What you should do: Only the pictures are to be dropped; return all other data below exactly.

Raw data:
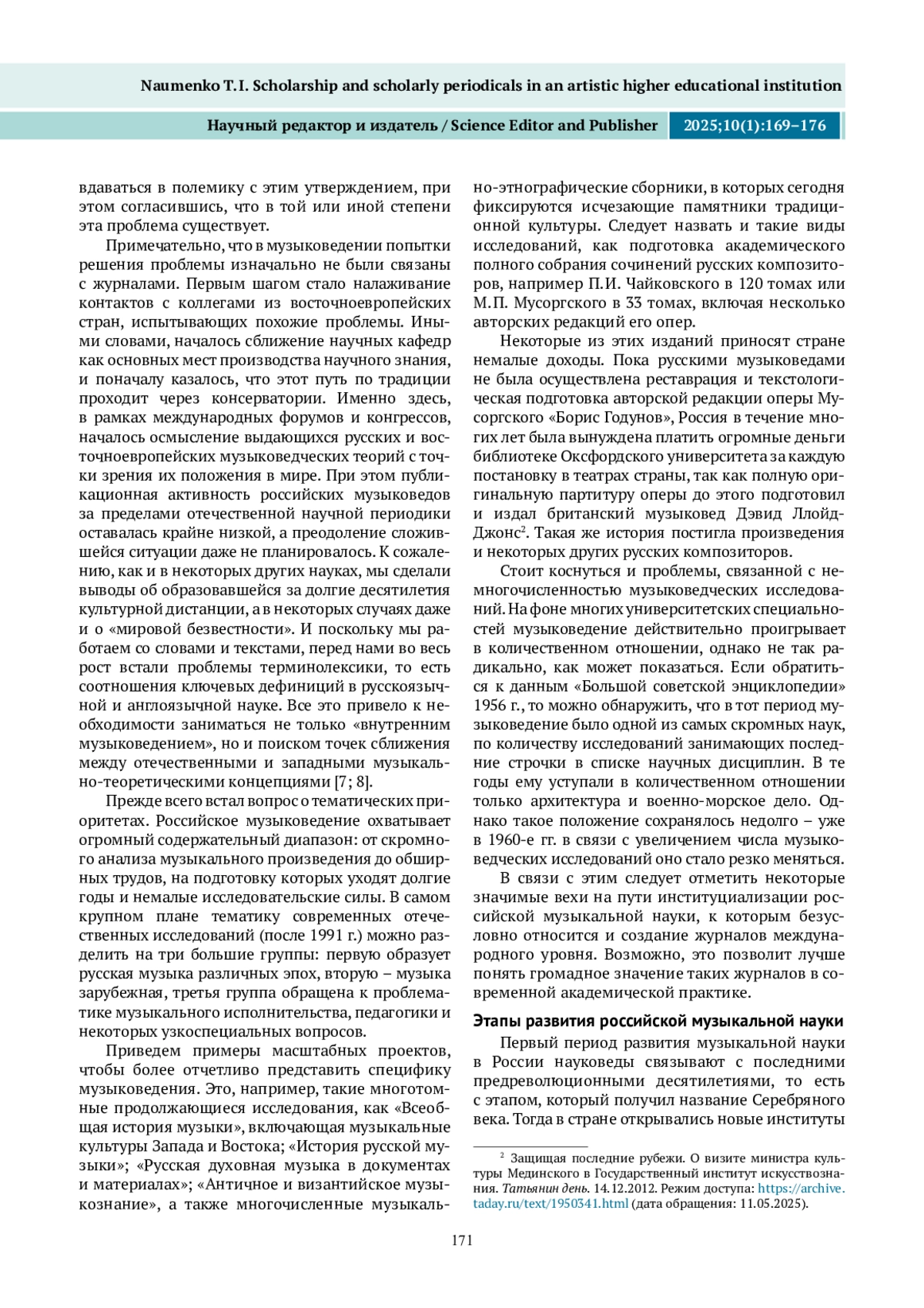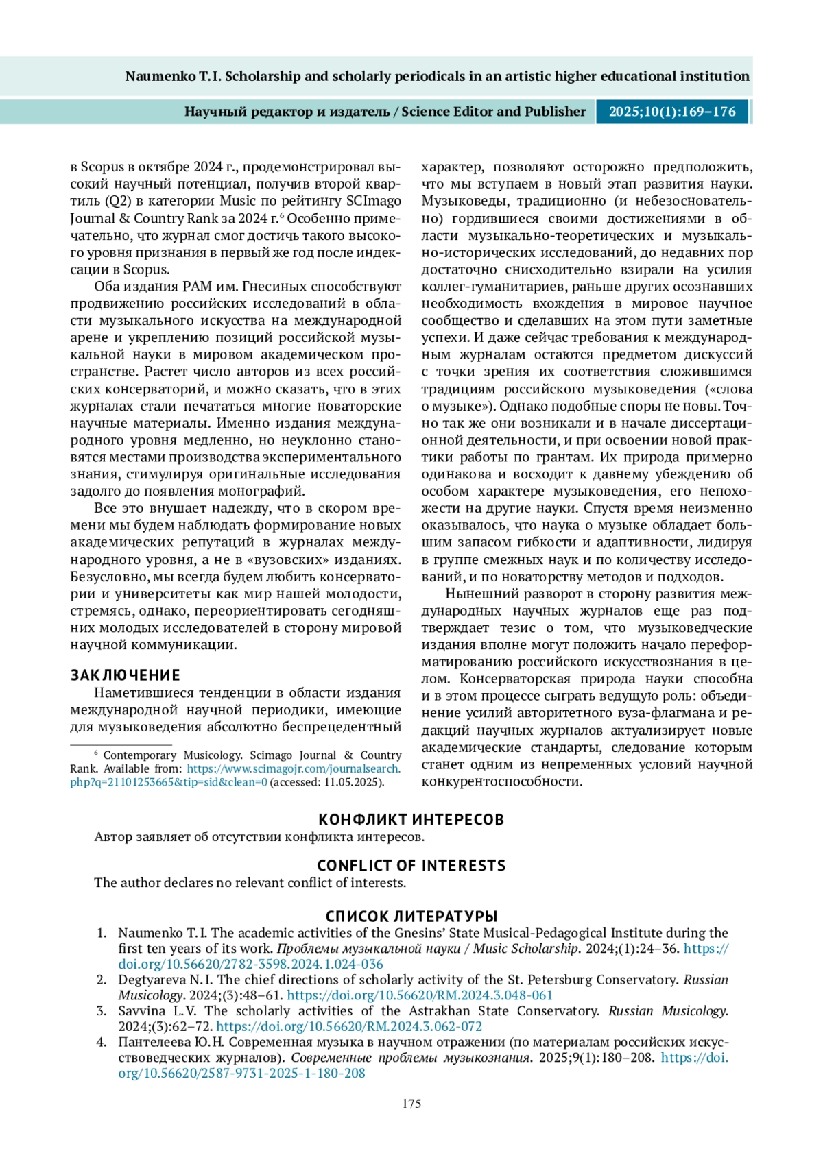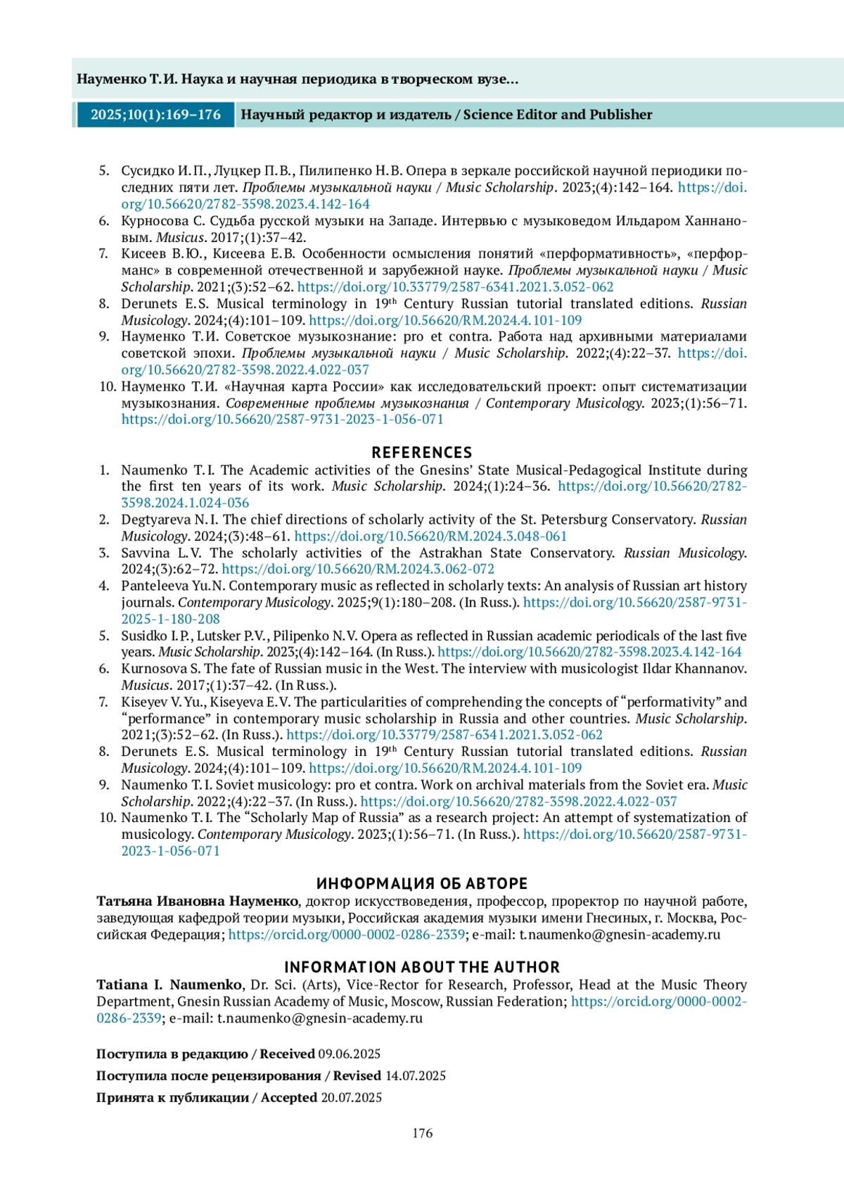 10. Науменко Т. И. “Научная карта России” как исследовательский проект: опыт систематизации музыкознания. Современные проблемы музыкознания / Contemporary Musicology. 2023;(1):56-71.
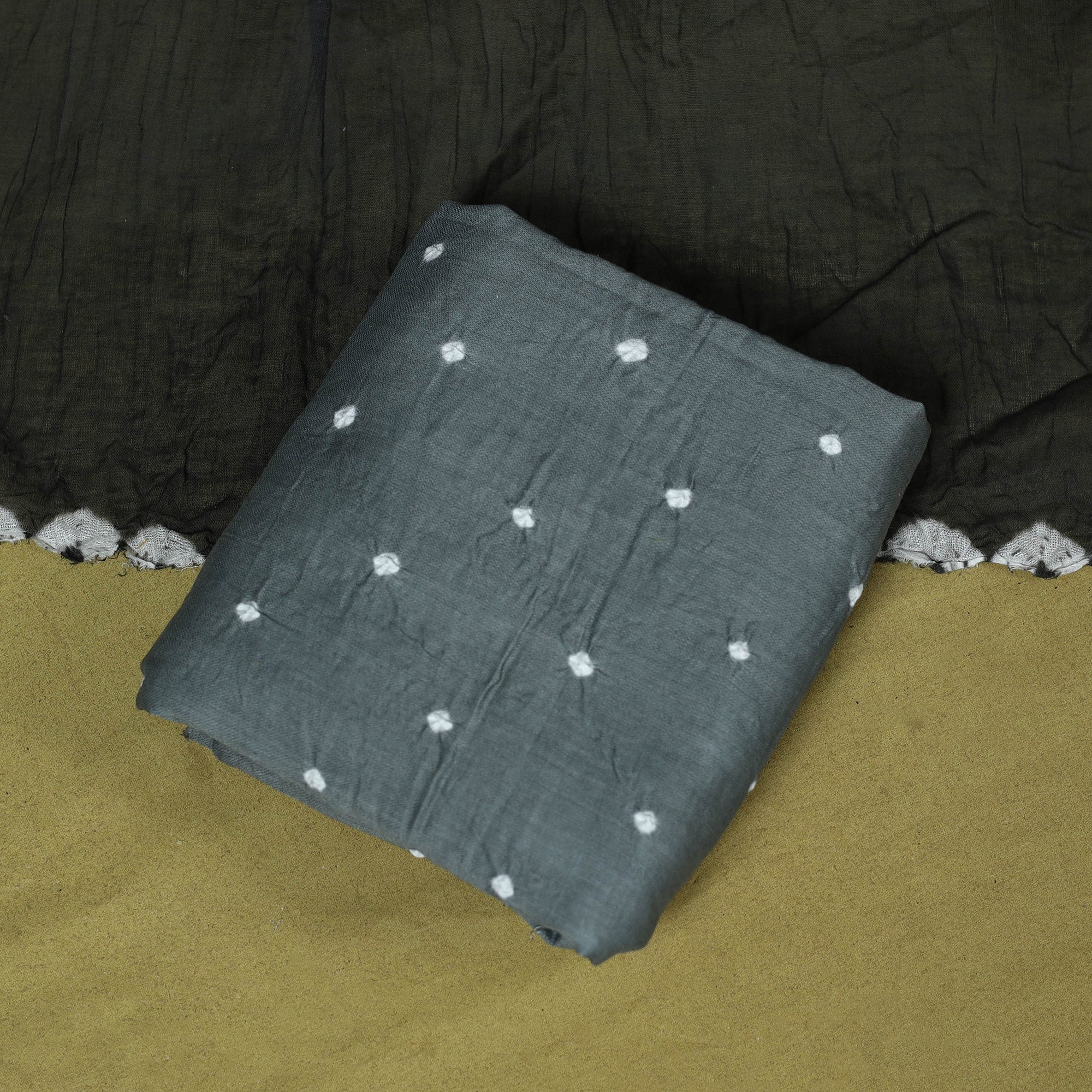 3pc satin cotton bandhani dress material is crafted by artisan Shabana Khatri from Kutch. Made using the traditional tie & dye technique, each fabric piece shows beautiful bandhani patterns. The set includes fabric for a kurta, bottom and dupatta, giving you the freedom to design your own outfit. Ideal for festive occasions or everyday wear, it adds a vibrant and traditional touch to your wardrobe.
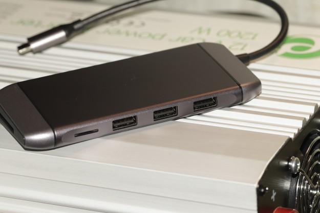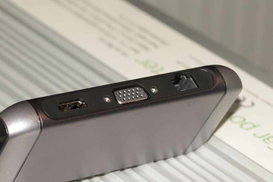 Впечатления от сборки Корпус металлический. Да, есть и пластиковые вставки, и они классно дополняют металл, нисколько не являясь при этом «слабыми звеньями», ведь с качеством их «посадки» на металлический каркас нет абсолютно никаких проблем. Пластиковые окантовки в местах сужений корпуса на первый взгляд выглядят как светодиоды, хотя на деле это лишь элементы декора. Еще одним приятным моментом мы бы назвали цельный алюминиевый каркас – это большой плюс к сборке. Длина кабеля – 15 сантиметров. У него превосходная полимерная оплетка, а кроме того, предусмотрены предохранители от перегибов на стыках. Дизайн и эргономика Практически полностью металлический REAL-EL CQ-900 наверняка понравится, в том числе, владельцу дорогого статусного ноутбука, ведь здесь не только удачная игра красок, но и в том числе материалов корпуса и даже форм-фактора. Положите этот адаптер с вашим лэптопом - всего нескольких секунд будет достаточно, чтобы убедиться в справедливости сказанных нами слов. Верхняя и нижняя металлические панели “приютили” у себя логотип и эмблему производителя, а также метки портов и разъемов на ребрах. На одном из торцов выведен кабель USB Type-C. Рядом с ним соответствующий порт. На противоположной части расположен слот для карт SD. Суженное металлическое ребро примечательно тремя портами USB и слотом для карт microSD. На противоположном ребре - порт RJ45, а также интерфейсы VGA и HDMI. Возможности при подключении к ПК С подключением к соответственному порту ПК нет абсолютно никаких проблем – специальные знания или дополнительное программное обеспечение не требуется. Ниже несколько наиболее примечательных результатов тестирования:

Result:
 10. Науменко Т. И. “Научная карта России” как исследовательский проект: опыт систематизации музыкознания. Современные проблемы музыкознания / Contemporary Musicology. 2023;(1):56-71.
 3pc satin cotton bandhani dress material is crafted by artisan Shabana Khatri from Kutch. Made using the traditional tie & dye technique, each fabric piece shows beautiful bandhani patterns. The set includes fabric for a kurta, bottom and dupatta, giving you the freedom to design your own outfit. Ideal for festive occasions or everyday wear, it adds a vibrant and traditional touch to your wardrobe.
 Впечатления от сборки Корпус металлический. Да, есть и пластиковые вставки, и они классно дополняют металл, нисколько не являясь при этом «слабыми звеньями», ведь с качеством их «посадки» на металлический каркас нет абсолютно никаких проблем. Пластиковые окантовки в местах сужений корпуса на первый взгляд выглядят как светодиоды, хотя на деле это лишь элементы декора. Еще одним приятным моментом мы бы назвали цельный алюминиевый каркас – это большой плюс к сборке. Длина кабеля – 15 сантиметров. У него превосходная полимерная оплетка, а кроме того, предусмотрены предохранители от перегибов на стыках. Дизайн и эргономика Практически полностью металлический REAL-EL CQ-900 наверняка понравится, в том числе, владельцу дорогого статусного ноутбука, ведь здесь не только удачная игра красок, но и в том числе материалов корпуса и даже форм-фактора. Положите этот адаптер с вашим лэптопом - всего нескольких секунд будет достаточно, чтобы убедиться в справедливости сказанных нами слов. Верхняя и нижняя металлические панели “приютили” у себя логотип и эмблему производителя, а также метки портов и разъемов на ребрах. На одном из торцов выведен кабель USB Type-C. Рядом с ним соответствующий порт. На противоположной части расположен слот для карт SD. Суженное металлическое ребро примечательно тремя портами USB и слотом для карт microSD. На противоположном ребре - порт RJ45, а также интерфейсы VGA и HDMI. Возможности при подключении к ПК С подключением к соответственному порту ПК нет абсолютно никаких проблем – специальные знания или дополнительное программное обеспечение не требуется. Ниже несколько наиболее примечательных результатов тестирования:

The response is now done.